We’ve just completed another cleanup this week on a site that was infected with Trojans and sat unnoticed for months. During this time it was blacklisted by Google and other service providers and made inaccessible through most popular browsers. The site sat essentially functioning as a spam email machine for weeks until the hosting company stepped in.

Here’s the routine we went through to get this website cleaned up and back online. In this instance there were no backup files which could be utilized. It’s written as a guide so if you get hacked and you have a fairly good level of WordPress and server admin skill, you can use the procedure below – 

  • Place your own computer systems into high-alert mode to prevent infections from hitting your own equipment 
  • FTP to the server and remove obviously erroneous files. The easy way to approach this if you have to do it is sort by date to list the most recently added files, which are likely those planted by the virus system. You’ll easily recognize non system files if you have experience of working with WordPress core, and don’t forget to set your FTP client to view hidden files!
  • Regain access to the WordPress admin by changing the password via PHPMYADMIN. If you don’t have access through Cpanel into PHPMYADMIN and you can’t login to the site then you’re going to have issues with the repair.
  • After successful admin login, go to Users in the WP control panel and change all admin passwords and update the passwords for any accounts for anyone with higher than subscriber level access. Delete any erroneous admin accounts, you will likely find one or more. We recommend using the WordPress ‘suggest a password’ tool inside User accounts for the most secure level of admin password.
  • Next, install the Securi scanner and run a system scan.
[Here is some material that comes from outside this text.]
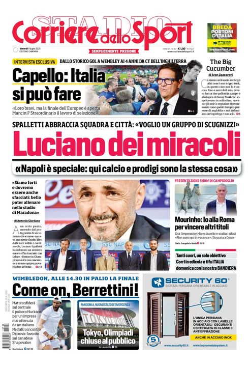 "Luciano dei miracoli", titola l'edizione campana del Corriere dello Sport, aggiungendo: "Spalletti: "Voglio un gruppo di scugnizzi".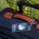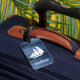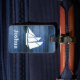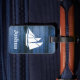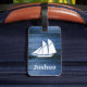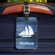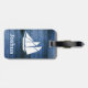 Havsblått trä och vitt bagagetagg för segelbåtar med personlig namn i vitt.

Be wary when running scanners as much of what they report is lifted from the Google malware database, so files will still show infected even after they’ve been cleaned.
  • After determining if there has been any impact on the database it’s time for the removal of All files on the root server.
  • First, backup any files outside of WordPress, like image and media directories and scan them manually on your PC.
  • Then, make a list of all of the plugins and acquire those from WordPress.org In some cases you may have to purchase these over to acquire the necessary licenses to allow a download.
  • Then acquire a clean copy of the theme from the theme source. 
  • Now take a backup of the uploads folder in WP-Content and scan that remotely. Open each sub folder and remove any erroneous files. Most of the sub folders will be image files so delete anything that isn’t an image.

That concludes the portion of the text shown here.